Perhaps European leaders filled that vacuum.
Or perhaps it's a recalibration given a two-front war.
Sure thing, US gets Ukraine's valuable minerals and Europe foots the bill for Ukraine's defense.
It feels very professional, something that's missing from the other party.
On Russia's terms, Ukraine has to give up its existence as an independent country, half its people and most things of value within the country.
Either way, Russia won't get its non-US overseas frozen assets back.
1 - European leaders are talking the talk but afraid of actually walking the walk with respect to Russia, even despite Putin being drastically weakened over the last two years, which does not bode well at all.
We have been hearing much in recent years about the (dismal) state of readiness within the US military.
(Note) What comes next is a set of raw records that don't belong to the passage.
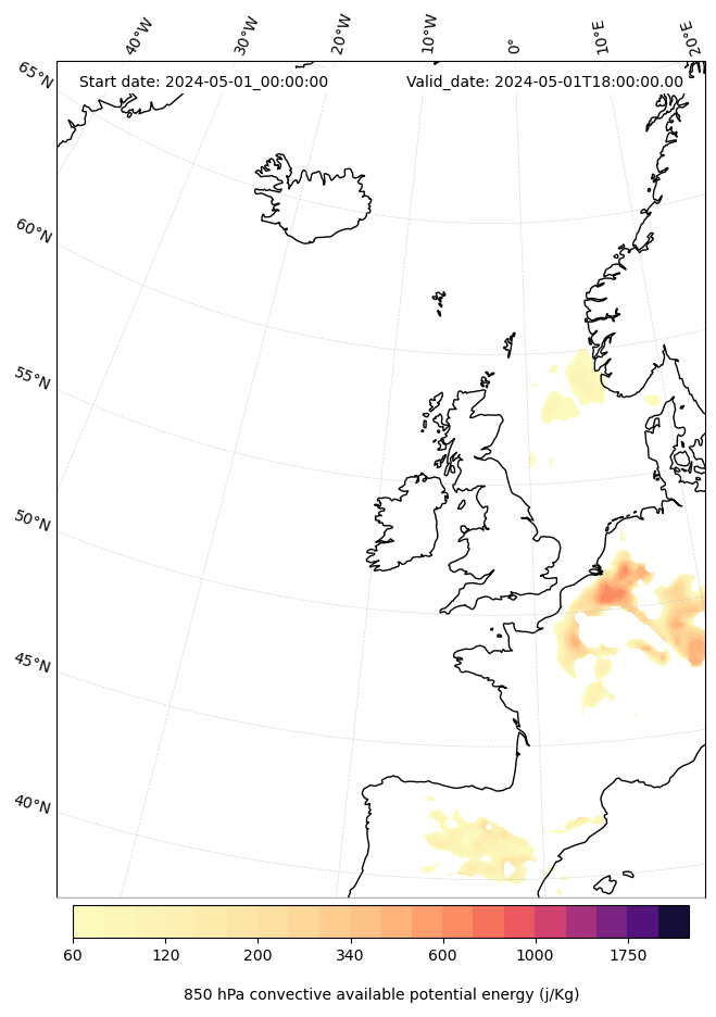 - Maximum CAPE (J/Kg)
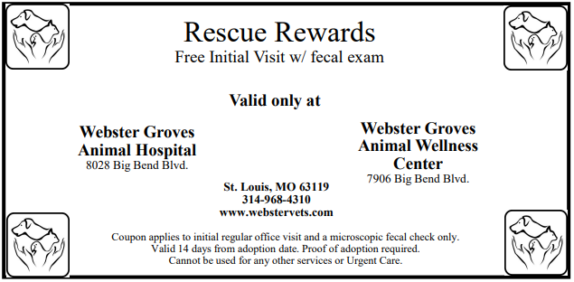 We are offering a special reward for our caring clients who provide loving homes for rescued, homeless animals. Click the image to open your Rescue Rewards coupon. Please print the coupon and bring it to your new pet’s first visit!
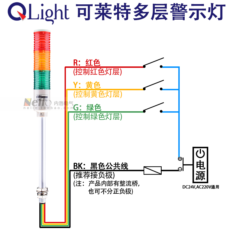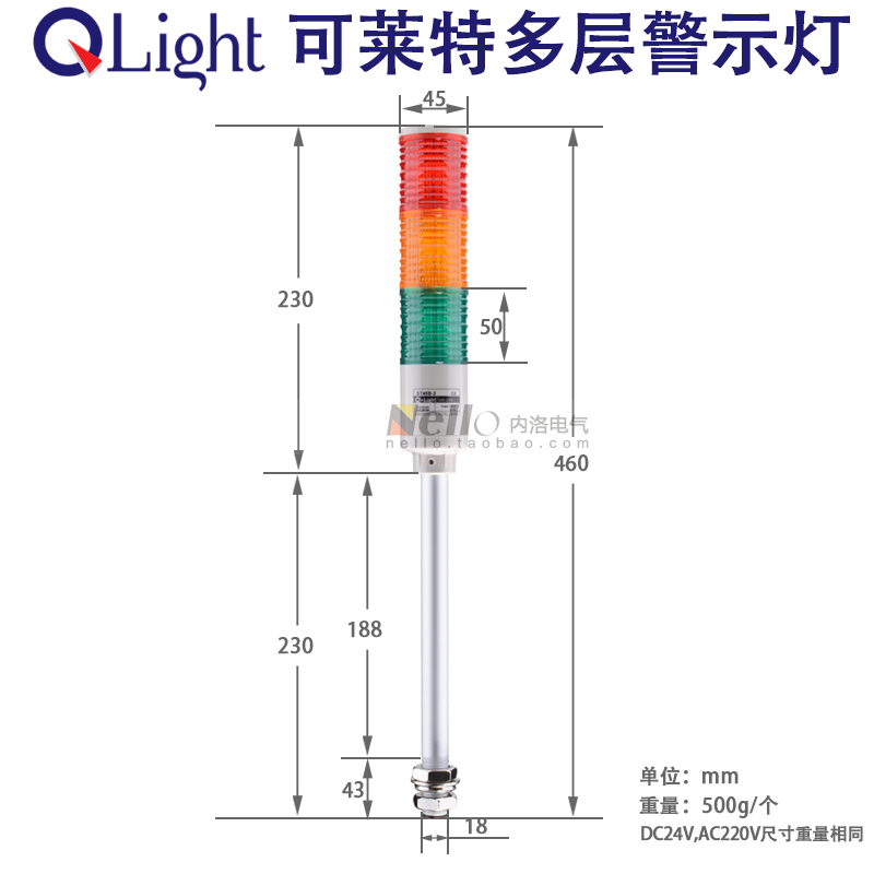 Colette multi-layer signal light ST45B-3-RAG-24V three-color tower light AC220V alarm 45mm warning light
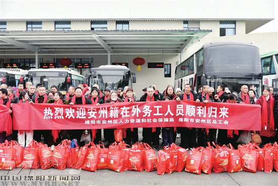 2月9日,在外省务工的农民工张大哥拖着行李箱走出安州区客运站,一眼就看到了“安州区在外务工人员返乡服务站”的红色横幅。志愿者小陈快步迎上来,递上一杯热姜茶,接过他手中的行李:“大叔,专车马上出发,直接送到镇上的!”张大哥喝了一口热茶,眼眶有些湿润:“在外面奔波一年,最盼的就是回家这一刻。没想到家乡想得这么周到,出站就有人接,还有专车送到家门口。”
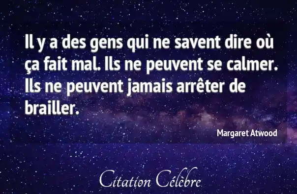 Il y a des gens qui ne savent dire où ça fait mal. Ils ne peuvent se calmer. Ils ne peuvent jamais arrêter de brailler.
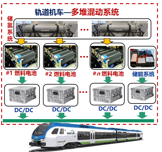 相比于燃料電池汽車使用的單堆燃料電池系統,多堆混動系統具有更高的功率和更大的儲能容量,更加適合軌道交通的應用特點。

Given reliance on the US for defense, it is entirely plausible the state of European militaries is even worse. Russia and Iran are not going to stop their push; we need a strong Europe to prevent a nightmare scenario.
2 - It is also possible that Zelensky actually was being overly pushy, asking for too much, reneging on deals, exploiting media, etc. and European countries chose to curb discussions as well, forcing him to come back to the table with the US. This tracks with past difficulties the Biden administration faced in talks with Zelensky[A] and aligns with the narrative that Trump has been pushing in recent days.
This, honestly, would be an even worse scenario. That would somehow place Zelensky _below_ Trump in reasonable-ness and diplomatic maturity, which is an already impossibly low bar. This of course does not bode well for peace talks. Regardless of political stance I think we can all agree the current West is not ready for WW3 to start right away.
I feel this is slightly less likely as it seems Zelensky is coming back to the table on his own imperative.
[A] https://www.nbcnews.com/politics/national-security/biden-los...
Unless you really believe that one month of Trump is all it takes for the EU to suddenly take their own defense seriously, and damn the political consequences when the costs hit.
2 I don't think so, I believe he's understandably desperate for security guarantees that go further than the paper ones Russia blew past in 2014 and 2022. Sadly I think he isn't getting them, and between the fiction of European unity and the reality of economic partnership with the US, the latter is more likely to lead to meaningful security.